▸ **WHAT THE EXERCISE ASKS**: Output the data in full. Keep every word exact and exclude the pictures.

▸ **COLLECTED MATERIAL**:
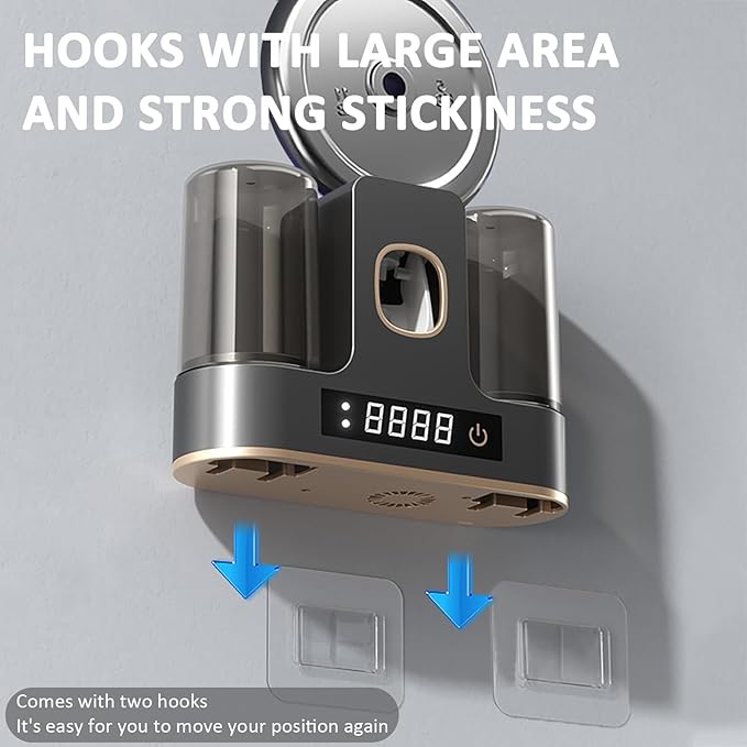 - EASY TO INSTALL: The toothbrush holders wall mounted is glued to the wall with a large adhesive backing, and it only needs to stand for more than 24 hours to easily and securely hang on the wall, and the special super glue can withstand up to 10 kg of heavy loads. In addition, we will add two adhesive stickers so that you can move the toothbrush sterilizer again
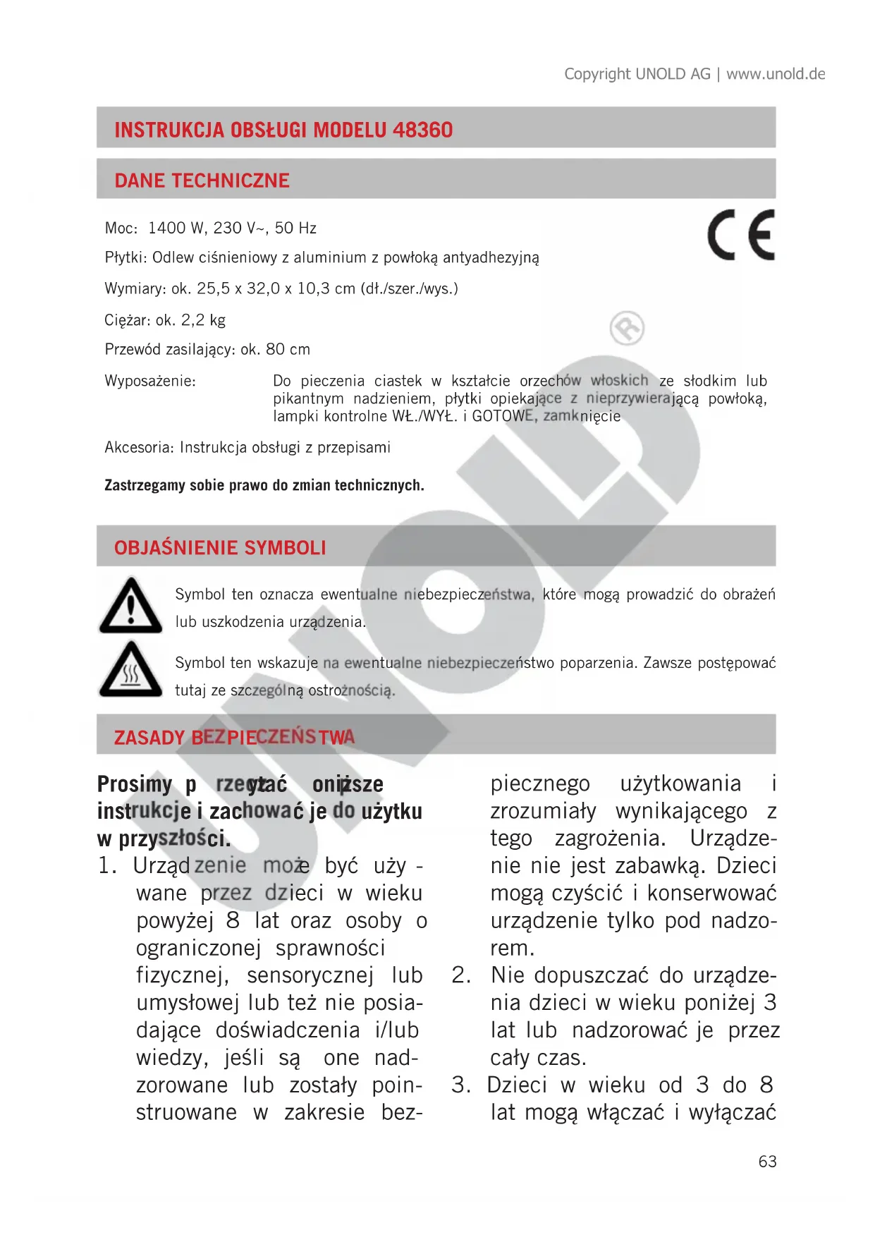 48360 - Gofrownica UNOLD - Bezpłatna instrukcja obsługi
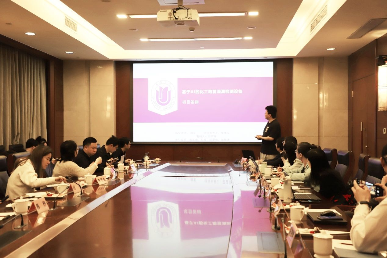 项目汇报环节,共有来自通信学院、悉商学院、校友创业团队的6支队伍分别展示交流。团队主讲人围绕项目背景、技术创新点、市场应用、所获成果等方面进行分享,校外专家钱晨、连自建,以及校内专家帅萍等针对各项目的应用场景、商业逻辑、知识产权等方面进行了专业的研讨与指导,帮助队伍进一步完善和优化作品。

▸ **YOUR SOLUTION**:
 - EASY TO INSTALL: The toothbrush holders wall mounted is glued to the wall with a large adhesive backing, and it only needs to stand for more than 24 hours to easily and securely hang on the wall, and the special super glue can withstand up to 10 kg of heavy loads. In addition, we will add two adhesive stickers so that you can move the toothbrush sterilizer again
 48360 - Gofrownica UNOLD - Bezpłatna instrukcja obsługi
 项目汇报环节,共有来自通信学院、悉商学院、校友创业团队的6支队伍分别展示交流。团队主讲人围绕项目背景、技术创新点、市场应用、所获成果等方面进行分享,校外专家钱晨、连自建,以及校内专家帅萍等针对各项目的应用场景、商业逻辑、知识产权等方面进行了专业的研讨与指导,帮助队伍进一步完善和优化作品。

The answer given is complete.